Now, whatever energy Dreyer can spare during her day-to-day is split between two locations in McCall. But with a team she trusts to run things while she’s not there, Dreyer is confident that TopSide Boutique and the new satellite location will maintain the creative atmosphere she has worked so hard to cultivate.

“My crew is huge, I totally trust them. I know that they have my best interests in mind for that shop,” Dreyer says. “I think they are feeding off of the creative space, even though it's just a store. It's a fun place to come and try on things, even if people don't buy something, just to see a lot of color and a lot of stuff that's different, that's not just activewear or like mountain experience. It’s an experience that's bigger than just McCall.”

Always Changing
Change is a constant and integral part of the human experience. Perfection is the death of change, and without change, art withers into a stale imitation of everything that came before.

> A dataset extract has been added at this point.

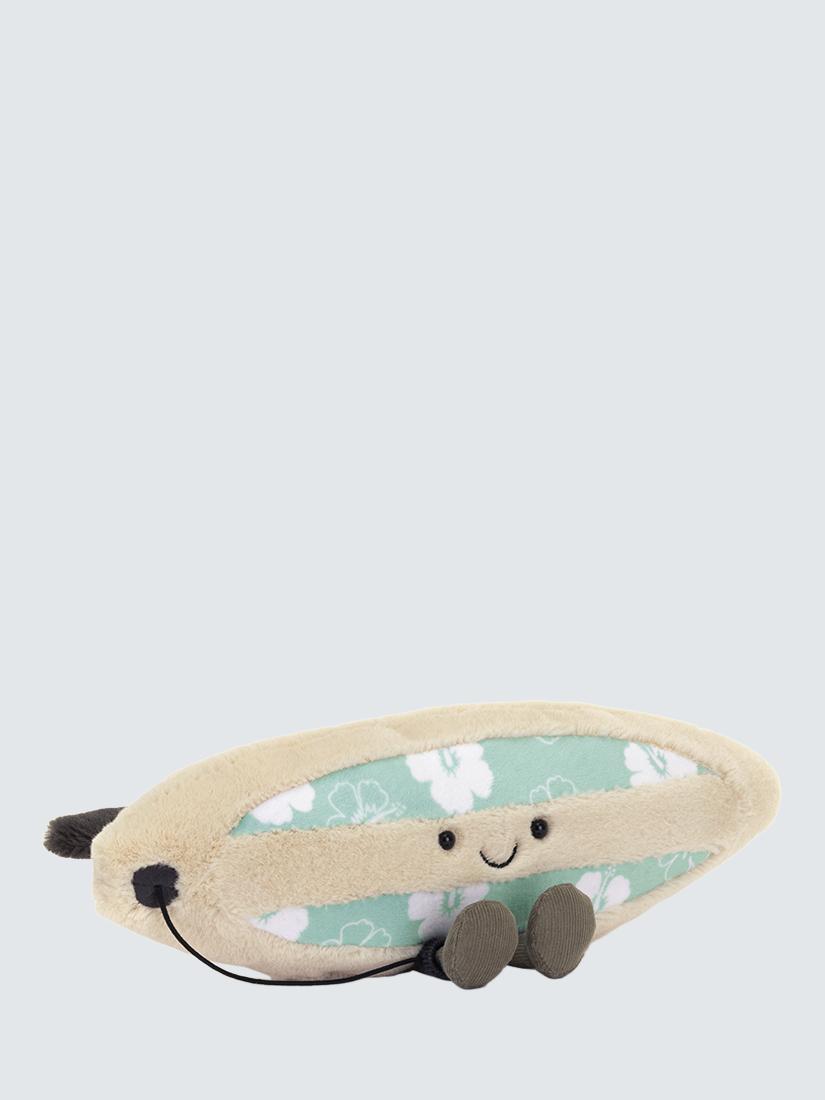 Read MoreCatch a wave with Amuseables Sports Surfboard. This smiling beige board has a teal tropical print deck, a soft grey fin, and matching fine cord legs with attached leash. A stitched smile and applique Jellycat logo on the back complete this totally sweet board.

Dreyers’ situation is less than perfect—her attention is split between two locations, and both stores strain to find natural exposure under a canopy of red tape. But those imperfections are just as exciting as they are challenging.

“With both stores, I feel like my energy is a huge component of why they're successful—I'm the person who chose everything and I'm the person who can explain why any given piece is significant to me,” Dreyer says. “I feel like the change is kind of integral to the business without it seeming like there's a huge external change. It’s the internal change for me, revamping who I am, how I present to my clients, and how I can serve my clients is what I'm focusing on right now.”

Biggest of these changes is often the toughest part of being a business owner or a creative director: letting go. Delegating work to people she trusts is a big step for Dreyer, and it’s one she is glad she took.

“I'm having to learn how to be the best manager and boss that I can be,” she says. “I have always been so self-reliant that a lot of times it's easier for me to just do things by myself. But now, with Satellite, I have to depend on my team, and I have to trust that the work they're doing is what they can provide to me and what they can provide to the store.”

As she continues to experiment with the new store, Dreyer is hopeful that the downtown location will expose TopSide to new people and transform the space further. All the while, Dreyer continues to give her creative energy to the always-changing inventory at both stores.

“I’m always looking for something new,” she says.

Ideally, as Dreyer inevitably begins to imagine her next move, she wants to combine the original boutique and the satellite shop in a new storefront that incorporates the best parts of both locations.

“The next move I'll make is to combine them again because, while I definitely like having both stores, I feel like my energy is a huge component of why they're successful," Dreyer says. “I'm the person who chose everything, and I'm the person who can explain why any given piece is significant to me. So, I will definitely re-combine them if the opportunity presents itself and a piece of real estate presents itself.”